## Your assignment
After removing every image, reproduce the data exactly as it appears.

## Given material
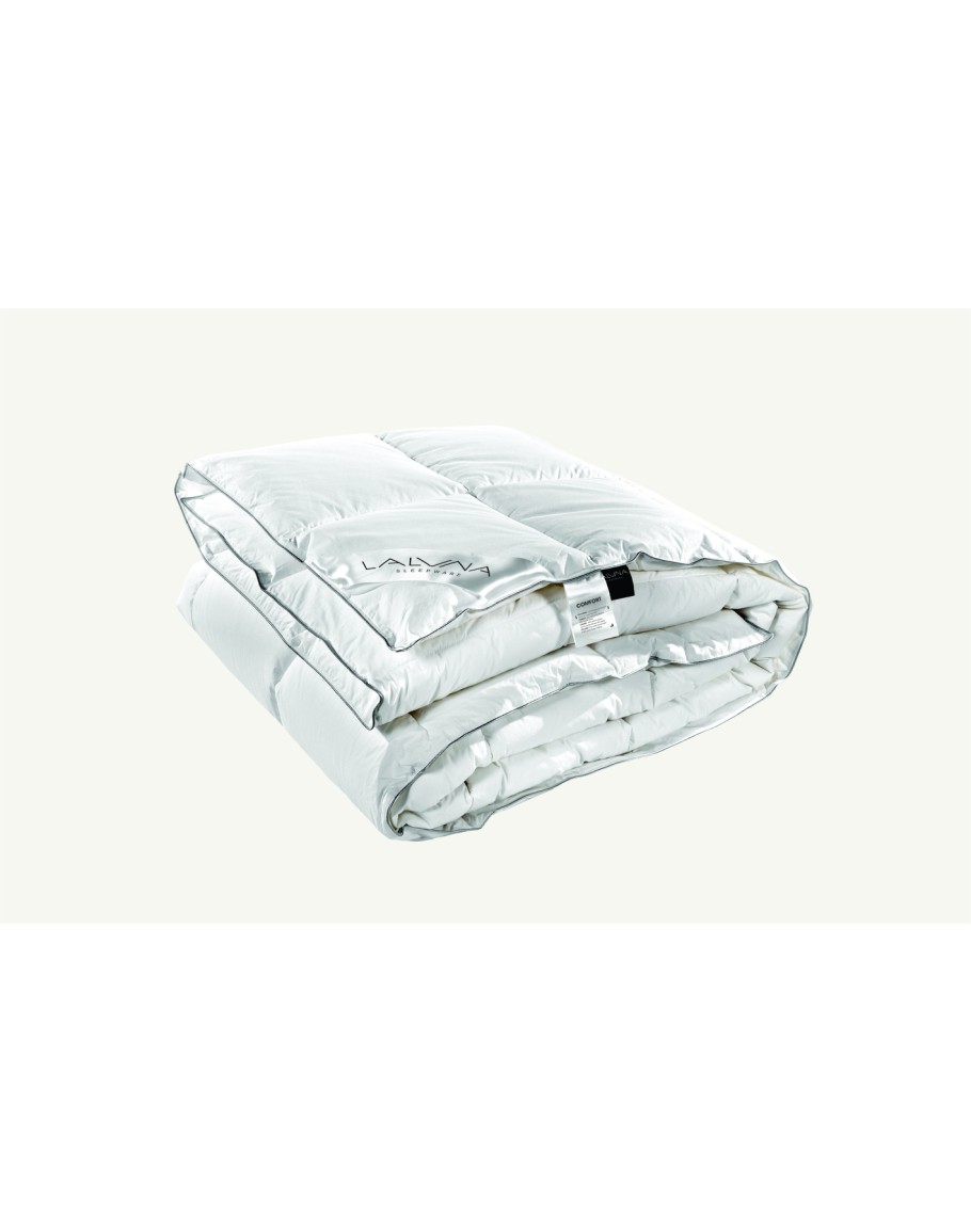 Πουπουλένιο πάπλωμα μονό, The Comfort Duvet, La luna, με γέμιση από 20% πούπουλο χήνας και 80% μικρό φτερό και ύφασμα 100% βαμβακερό percale 233TC αδιαπέραστο (down proof). Θερμική απόδοση: 9,5 tog. Διάσταση: 160Χ240 εκ.
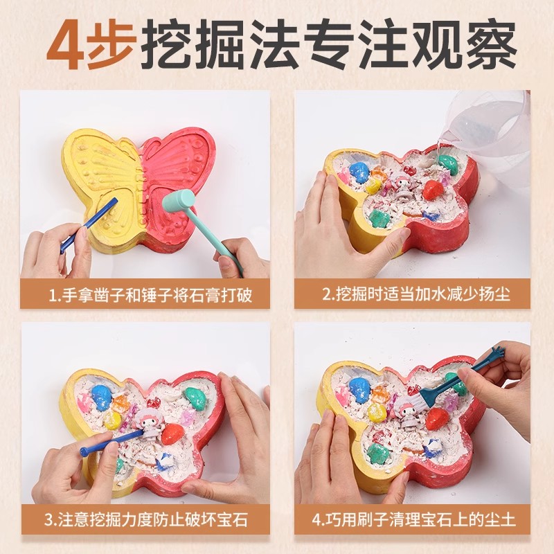 考古挖掘玩具女孩挖宝石盲盒寻宝石膏儿童挖宝藏砸敲化石手工探宝
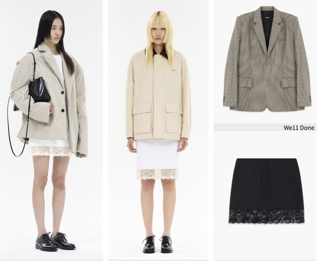We11 Done disrupts traditional dress codes through material mixing and innovative tailoring, crafting garments that are equally at home in casual settings and formal environments. By integrating formal elements like suit necks and tailored fits into casual designs, or vice versa by infusing soft fabrics and loose fits into formal wear, the brand offers novel visual and wearing experiences. This fusion not only enhances versatility but also celebrates the beauty of contradiction.
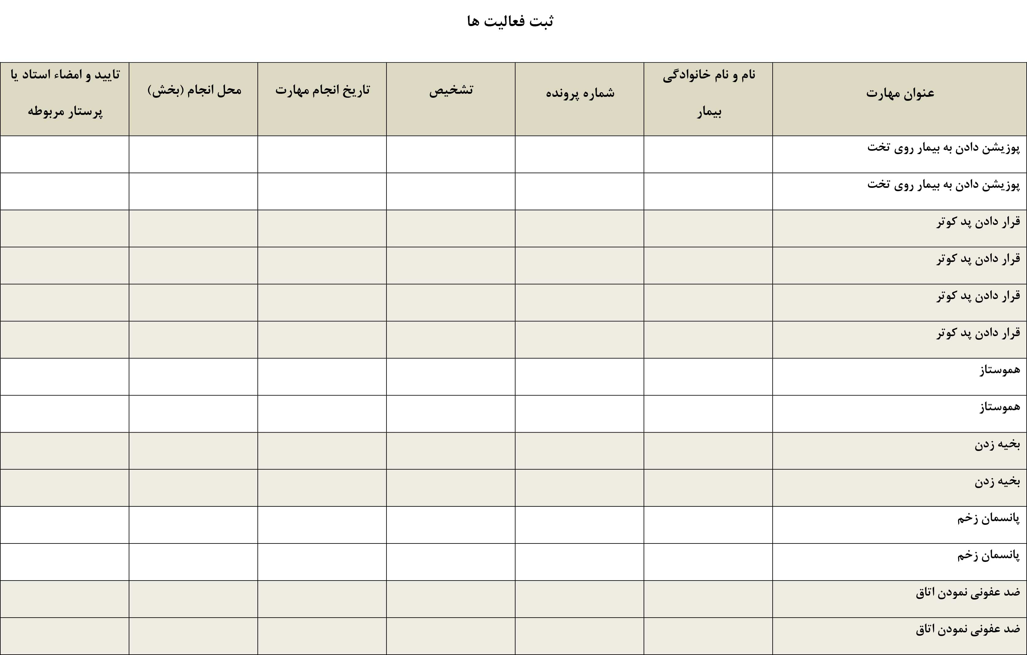 هریک از دانشجویان موظف هستند موارد آن را رعایت و مربی آن ها توسط فرم های ارزشیابی دانشجویان اتاق عمل و هوشبری مربوطی که در ادامه آمده است به پایش روزانه آن ها در جلسات کارورزی در فضای اتاق عمل و کلاس های تئوری آن ها می پردازد.

## Reply
 Πουπουλένιο πάπλωμα μονό, The Comfort Duvet, La luna, με γέμιση από 20% πούπουλο χήνας και 80% μικρό φτερό και ύφασμα 100% βαμβακερό percale 233TC αδιαπέραστο (down proof). Θερμική απόδοση: 9,5 tog. Διάσταση: 160Χ240 εκ.
 考古挖掘玩具女孩挖宝石盲盒寻宝石膏儿童挖宝藏砸敲化石手工探宝
We11 Done disrupts traditional dress codes through material mixing and innovative tailoring, crafting garments that are equally at home in casual settings and formal environments. By integrating formal elements like suit necks and tailored fits into casual designs, or vice versa by infusing soft fabrics and loose fits into formal wear, the brand offers novel visual and wearing experiences. This fusion not only enhances versatility but also celebrates the beauty of contradiction.
 هریک از دانشجویان موظف هستند موارد آن را رعایت و مربی آن ها توسط فرم های ارزشیابی دانشجویان اتاق عمل و هوشبری مربوطی که در ادامه آمده است به پایش روزانه آن ها در جلسات کارورزی در فضای اتاق عمل و کلاس های تئوری آن ها می پردازد.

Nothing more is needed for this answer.